My data strongly support all of the following predictions from the “cold-climate” hypothesis for the evolution of reptilian viviparity. First, the upper elevational limit for egg layers in the field corresponded to the elevation above which there was a marked decrease in hatching success and hatchling viability. Second, this viability decrease at higher elevations comprised both a reduction in hatching success and a decrease in mean values for several hatchling traits (body size, growth rate, running speed) likely to affect organismal fitness (Andrews 2000). Third, brief retention at higher temperatures (mimicking those experienced by eggs in utero) enhanced both hatching success and offspring viability. Fourth, the viability increment due to “uterine” retention was greater for eggs incubated for the rest of development at cooler rather than warmer temperatures in the laboratory and at higher rather than lower elevations in the field. And, fifth, progressive increases in the duration of uterine retention generated increasing benefits to offspring viability.

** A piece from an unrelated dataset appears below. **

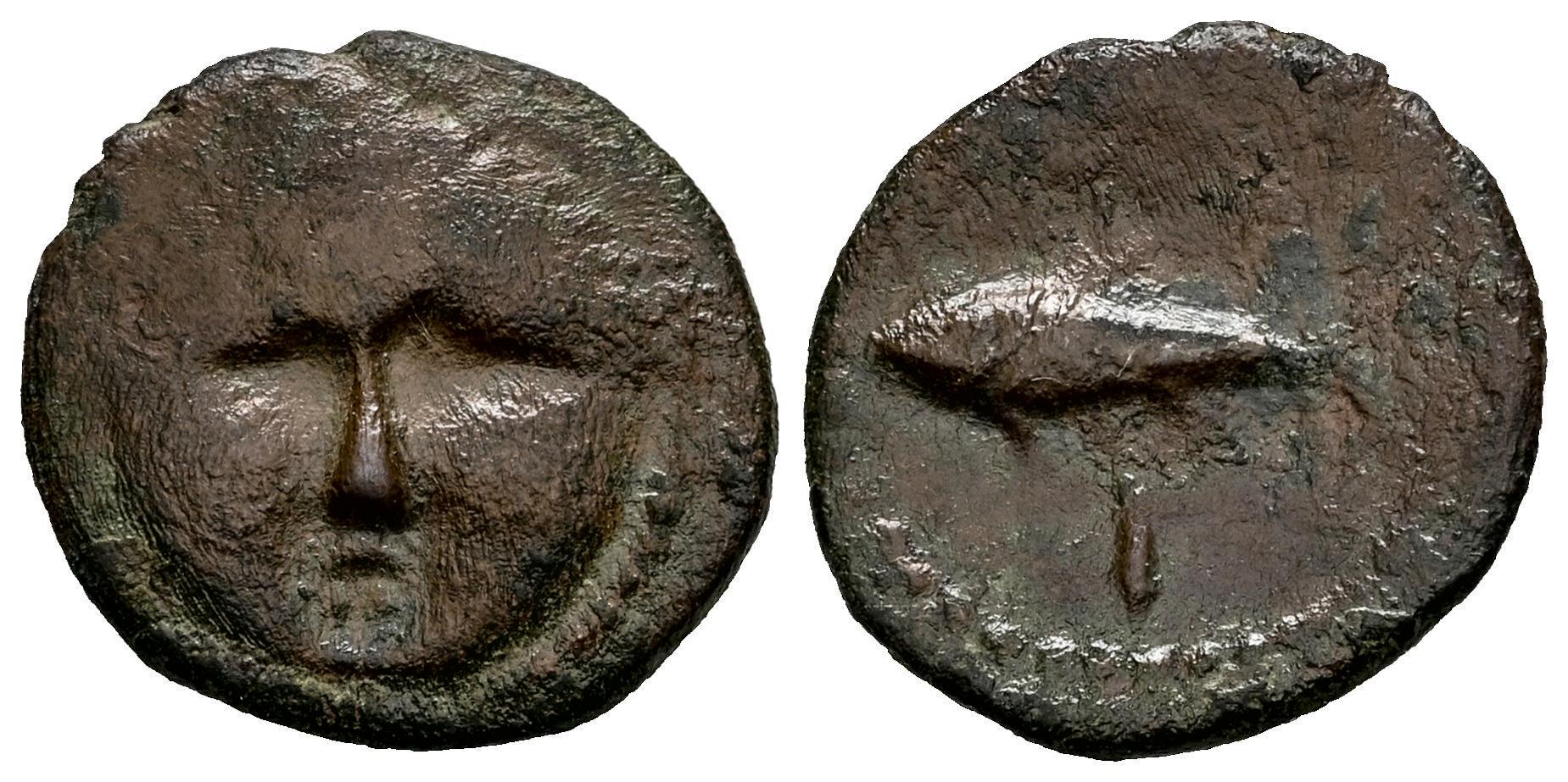 Gades-Gadir. 1/2 calco. 200-100 a.C. Cádiz. (Abh-1330). (MIB-9/38). (Acip-674). Anv.: Cabeza de frente. Rev.: Atún a izquierda debajo letra fenicia alef. Ae. 1,81 g. MBC-/BC+. Est...50,00.

Thus, in the absence of constraints or opposing disadvantages, we would expect selection to favor a progressive increase in the duration of uterine retention of developing eggs at elevations above the usual upper limit for oviparous reproduction.

In other words, Professor Shine has not only constructed a robust adaptationist hypothesis for the observed frequency of individual reptilian 'inventions' of viviparity, but was able to objectively test this hypothesis. He found that there is a certain temperature boundary, associated with an altitude in this study, at which the advantages of retaining eggs suddenly take a big jump. This is strong evidence in support of Blackburn, who's punctuated equilibrium model of reptilian viviparity would predict exactly this sort of jump in fitness requirements at a certain boundary.

Veeery fun stuff. Thankyou for pointing me in this direction.